Liskov Substitution and Modularity in Network Design

Furthering the thoughts I’ve put into the forthcoming book on network complexity…

One of the hardest things for designers to wrap their heads around is the concept of unintended consequences. One of the definitional points of complexity in any design is the problem of “push button on right side, weird thing happens over on the left side, and there’s no apparent connection between the two.” This is often just a result of the complexity problem in its base form — the unsolvable triangle (fast/cheap/quality — choose two). The problem is that we often don’t see the third leg of the triangle.

The Liskov substitution principle is one of the mechanisms coders use to manage complexity in object oriented design. The general idea is this: suppose I build an object that describes rectangles. This object can hold the width and the height of the rectangle, and it can return the area of the rectangle. Now, assume I build another object called “square” that overloads the rectangle object, but it forces the width and height to be the same (a square is type of rectangle that has all equal sides, after all). This all seems perfectly normal, right?

Now let’s say I do this:

  • declare a new square object
  • set the width to 10
  • set the height to 5
  • read the area

What’s the answer going to be? Most likely 25 — because the order of operations set the height after the width, and internally the object sets the width and height to be equal, so the last value input into either field wins.

What’s the problem? Isn’t this what I should expect?
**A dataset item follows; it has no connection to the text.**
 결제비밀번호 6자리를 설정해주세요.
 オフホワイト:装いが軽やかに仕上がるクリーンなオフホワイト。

The confusion is this — the square class is based on the rectangle class, so which behavior wins? But the result is pushing a button over here, and ending up with an unexpected result over there. Taking this one step further, what if you modified the rectangle class to include depth, and then added a function that returns volume? A user might expect the square class to represent a perfectly formed cube (all sides equal), based on the it’s behavior in the past — but that’s not what is going to happen. The solution, from a coding perspective, is to build a new class that underlies both the square and the rectangle — to find a more fundamental construct, and use that as a foundation.
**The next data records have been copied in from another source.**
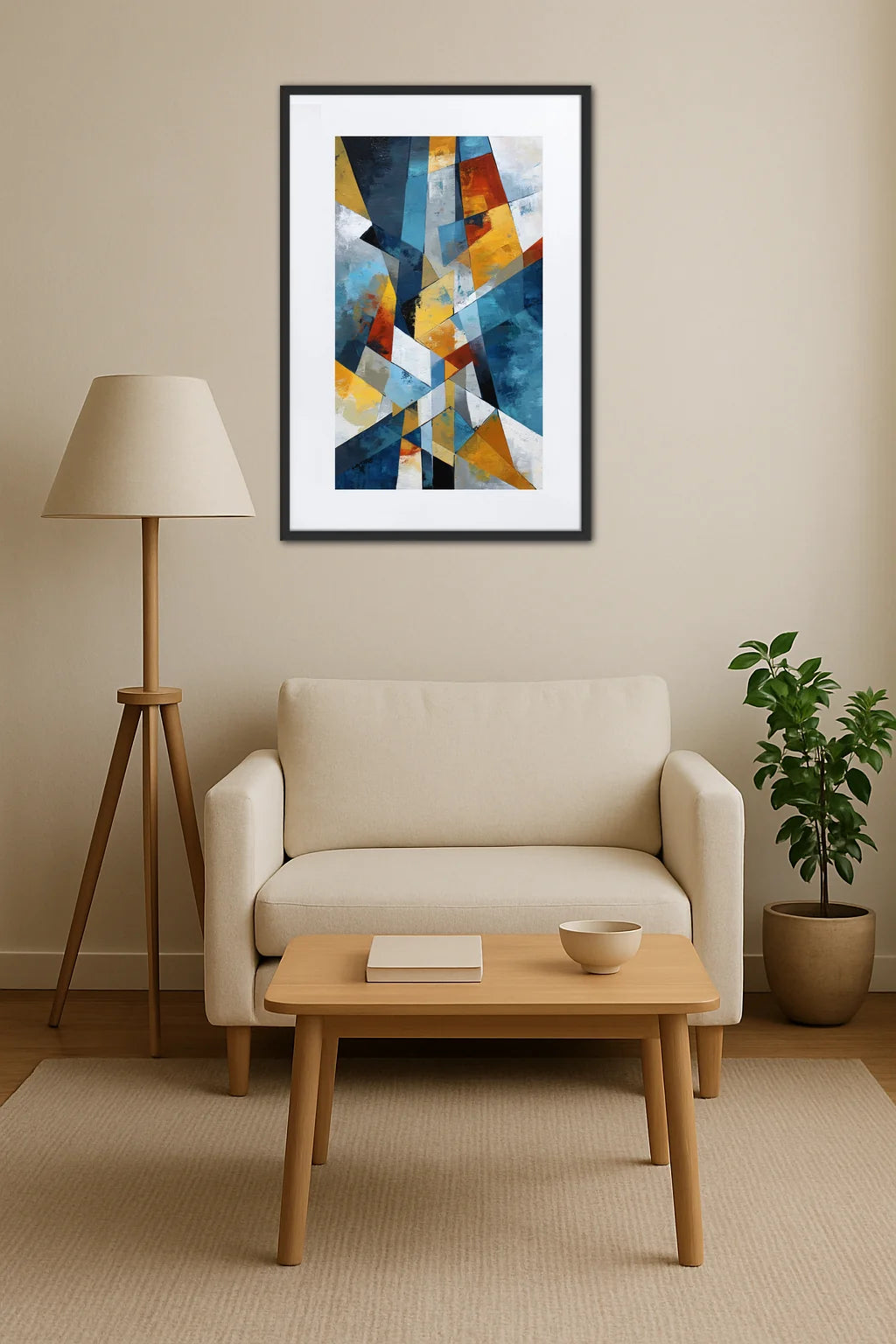 L'histoire derrière ce Tableau Moderne Coloré - une symphonie d’éclats et de formes abstraites
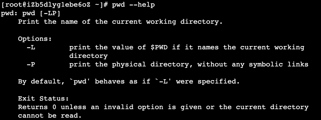 [[email protected] ~]# pwd --helppwd: pwd [-LP]Print the name of the current working directory.Options:-L print the value of $PWD if it names the current workingdirectory-P print the physical directory, without any symbolic linksBy default, `pwd' behaves as if `-L' were specified.Exit Status:Returns 0 unless an invalid option is given or the current directorycannot be read.
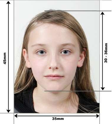 2 recent passport-size colour photographs taken against a white background, size (35 mm x 45 mm with 80% face close up)

In general, you want to find a foundation which will not change no matter what you build on it — in other words, you want to find a foundation that, when substituted for another foundation in the future, will not modify the objects sitting on top of the foundation.

Hopefully, you’ve tracked me this far. I know this is a bit abstract, but it comes back to network design in an important way. The simplest place to see this is in the data center, where you have an underlay and an overlay. To apply Liskov’s substitution principle here, you could say, “I want to build a physical underlay that will allow me to change it in the future without impacting the overlay.” Or, “I want to be able to change the overlay without impacting how the applications run on the fabric.” Now — take this concept and apply it to the entire network, wide area to data center fabric.

You should always strive to build a physical infrastructure that can be replaced without impacting the control plane. You should also strive to build a control plane that can be replaced without impacting the operation of the applications running on the network. Just like you should be able to replace the physical layer under IP, and not impact the operation of TCP on top in any meaningful way.

Now — the real world is always messier than the virtual worlds we build in our minds. Abstractions are always going to leak, and the interaction surface between any pair of underlying and overlying layers is always going to be deeper and broader than you think when you first look at the problem. None of this negates the end goals, however. Keep the interaction surfaces in a design shallow and narrow, and thinking through “what happens if I replace this piece with a new one later on?”

Hierarchical and modular design, by the way, already operate on these sorts of principles (in theory). They’re just rules of thumb, or design patterns, laid on top of the more foundational concepts. The closer we get to the foundational principles in play, the more we can take this sort of thinking and apply it along every interaction surface in a design, and the more we can move from black art to science in designing networks that work.